The .223 is going to be the least expensive ammunition if you do not reload. However the difference in cost in my opinion is marginal unless you shoot a lot. I would shoot the 22-250 or .243 over a .223 for yote hunting. I know there are a lot of folks that use the .223 and may disagree but I do not see the benefit of the .223 other than cost of ammo. I think the other 2 options are better choices. I think there are a few folks here who will agree that the .243 is more versatile than the other 2 options. You can use smaller varmint rounds or larger deer rounds. If you are concerned with fur damage I hear the varmint style rounds are good. If not I shoot the Hornady Surperformance 80gr GMX (factory load) that are not very bad on the fur. Range will be a factor if you plan to shoot P-Dogs or G-Hogs and you will be better served with the 22-250 or the .243. IMHO


----------



## Big D n Jack (May 12, 2012)

Does one shoot flatter than the other?


----------



## prairiewolf (Feb 19, 2012)

I am one of those guys that will choose the 223 over the other 2 because I save the pelts. The 22-250 and 243 are not as fur friendly as the 223. as for your question the 22-250 will be the flatess shooting IMO. Another one to consider is the .204 (my favorite) and is very flat shooting, but isnt good for anything bigger than a coyote IMO again.


----------



## youngdon (Mar 10, 2010)

There aren't to many things I like more than getting a new rifle, That said, I D and P W have covered the bases on the more popular choices.
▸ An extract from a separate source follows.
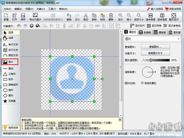 可調(diào)整圖片尺寸、透明度及旋轉(zhuǎn)角度。

If i could only have one of them (.204, 223, 22-250, 243) I'd choose a 243, UNLESS I was on a tight budget then I'd go 223 hands down. As Itz said the 243 is also a great deer gun, with the heavier constructed bullets if you go somewhere that it is legal to use a centerfire.


----------



## Ruger (Jan 22, 2011)

I know it wasn' on your list but I like .204. However, whichever caliber you choose, I feel the most important factor is knowing your rifle and its limitations and to have confidence in it.


----------



## Antlerz22 (Apr 18, 2011)

.243 as its almost as fast as the 22-250, at 3925 with superformance and 58gr vmax (comparable to a 4000 fps for the 22-250 both calibers in factory ammo) but out past say 350 to 400 yards is where the competition gets left behind. So it all boils down to use , distance and versatility.IMO


----------



## Rick Howard (Feb 25, 2012)

.204 much more fur friendly. Good option for coyote on down. It will zap p-dogs and g-hogs out there with the 22-250. I read that it will shoot with the 22-250 all day long but is better on fur.


----------



## 220swift (Mar 2, 2011)

I'm no help here. As you can see, I'm a died hard 220 Swift shooter. Not the caliber to be economicaly friendly. The guys are giving very good advice. What ever you decided, will be a good predator caliber.


----------



## Mattuk (Oct 16, 2010)

Its like asking if you prefer brunettes or blonde's.......................its all down to personal choice.


----------



## poe (Feb 10, 2010)

If you well only be shooting at ranges less than 300 yards then I would prob go with the .223. Would you like to save your hides and what kind of ranges do you shoot at.


----------



## Mattuk (Oct 16, 2010)

Stonegod said:


> Good point!!!.......I like redheads......I tend to "shoot" farther with redheads!!!!LOL


----------



## fr3db3ar (Aug 6, 2011)

I prefer 223, but then again I shoot around 20 to 30 rounds a week. I also reload. For me it's a combination of cost to shoot plus life span of barrel.


----------



## youngdon (Mar 10, 2010)

Stonegod said:


> Hey what about the 22mag??lol


Speaking of choosing a rifle ??? What up wit dat ? Did you get one yet, I know you talked about one from your Bro...I was hoping to see pics.


----------



## MountainCoyotes (Mar 16, 2012)

.223 if ya gonna save the pelts but all 3 are good rifles


----------



## wilded (Feb 10, 2010)

First get real, go shoot a target at a measured 300 yards. Everyone talks the talk but few can walk the walk the long range walk. I have guided a lot of people that could not hit a prairie dog at 300 yards. Not everyone is a long range shooter. How many predator shots do you take at really long ranges. Most will be at less than 150 yards. The .223 will handle all those 300 yard and in shots with less pelt damage, less recoil and much less cost than all the other choices. If you have to have a combo deer cartridge then go with the .243, however I have taken hundreds of surplus does and large feral hogs through the years with the .223 and the .55 grain balistic tip which most consider not a big game cartridge or bullet. Surplus brass, bullets and ammo are everywhere for the .223. Try and buy some 22-250 or .204 ammo in no-where USA. Nearly any box store, sporting goods or hardware store in small towns will have some sort of .223 ammo if you should run short. JMHO ET


----------



## KaBloomr (Mar 18, 2010)

I've really enjoyed tinkering with several varmint calibers, but I always end up hunting with and putting way more rounds through my .223. I don't have a .243 or .22-250, but with the above posts, you guys have me back into a "NEED" phase!


----------



## youngdon (Mar 10, 2010)

Hey we don't go there ! If anyone disrespects your rifle you let me know. I'll assure them *it* shoots just fine.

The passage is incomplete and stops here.